The Council for Civil Liberties has called for an independent police complaints mechanism, adding it's no longer acceptable that Gardaí investigate complaints against other Gardaí. Its comments follow the completion of the Garda report into the fatal shooting of John Carthy by Gardaí at Abbeylara in County Longford last Easter.
Earlier, the Garda Commissioner, Pat Byrne, announced an investigation into the leaking of the report to the media. The Commissioner has appointed a senior officer to carry out the investigation. It is understood that the report concludes that Gardaí should have done more to contact Mr Carthy's solicitor after he had asked them to do so. The report says Mr Carthy, who was 27, died after he was shot four times. A second report by FBI members into the handling of the siege is due to be completed shortly. Senior Garda sources have told RTÉ News that they would have no objection to an independent public inquiry being carried out into the circumstances surrounding the death of John Carthy. Mr Carthy's family and the Irish Council for Civil Liberties have called for such an inquiry.
The Tánaiste, Mary Harney, told the Dáil this morning that the Minister for Justice, John O'Donoghue, has not seen the Garda report into the shooting of John Carthy which has now been completed and is being studied by the Garda Commissioner. Mary Harney condemned what she said appeared to be the selective leaking of the report. She said that it was highly inappropriate that a report of this kind should be leaked in this way.

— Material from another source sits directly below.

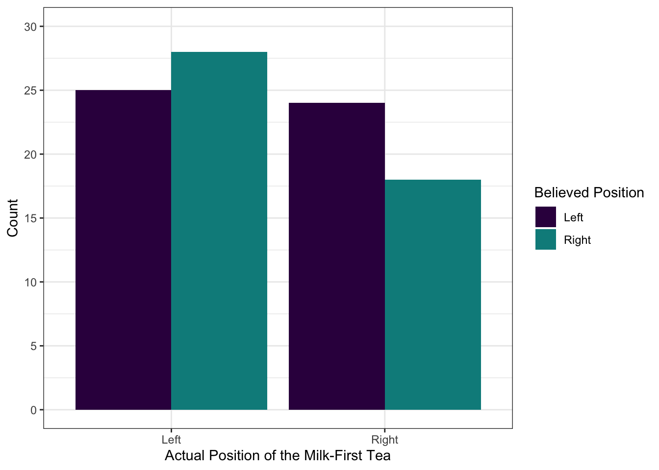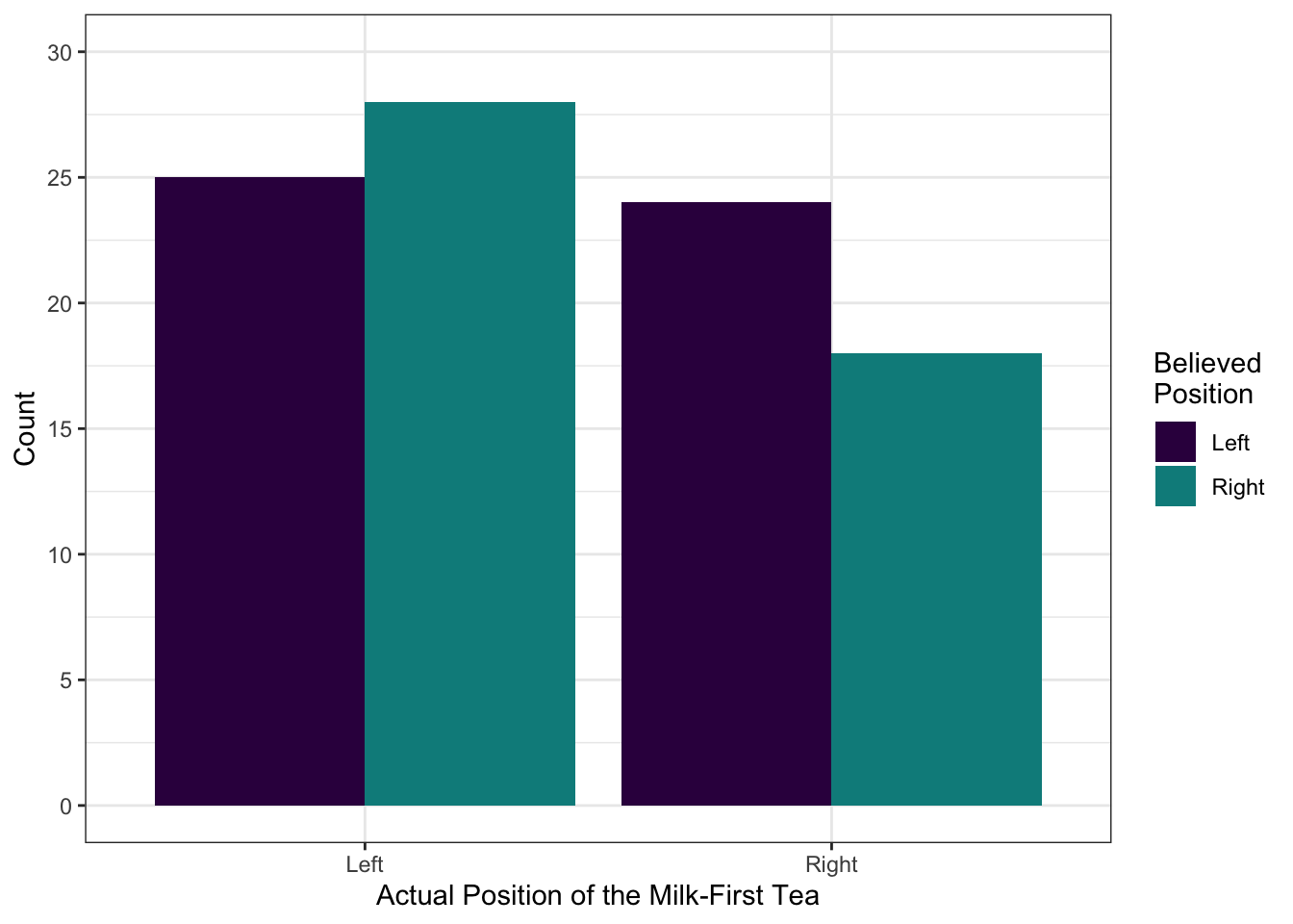 You may know someone - or be that someone yourself! - who is convinced that you can tell the difference when someone makes tea “wrong”. Well, whether there is a right or wrong way to make a cuppa is a matter of opinion2, but whether someone can accurately identify a difference in taste is a matter of science. So - let’s design an experiment and then analyse the data to find out!

Over the past two months, more than 200 people were interviewed as part of Chief Superintendent Adrian Culligan's investigation into the fatal shooting at Abbeylara. RTÉ News has learned that the Culligan report has found that John Carthy died after he was shot four times. The first two single shots hit him in the legs, the third in the lower back, while the fourth, final and fatal shot entered his back and punctured his heart. The report says that Mr Carthy came out of the house and breached his loaded shotgun. He was called on repeatedly to put the gun down. He was shot after he had snapped the gun shut and breached the first garda cordon at the gate and continued walking up the road. It is understood that the report has vindicated the decision not to allow Mr Carthy's sister Marie into the house when he refused to take phone calls, but that the Gardaí should have done more to contact the solicitor Michael Finucane, whom Mr Carthy had asked to speak to.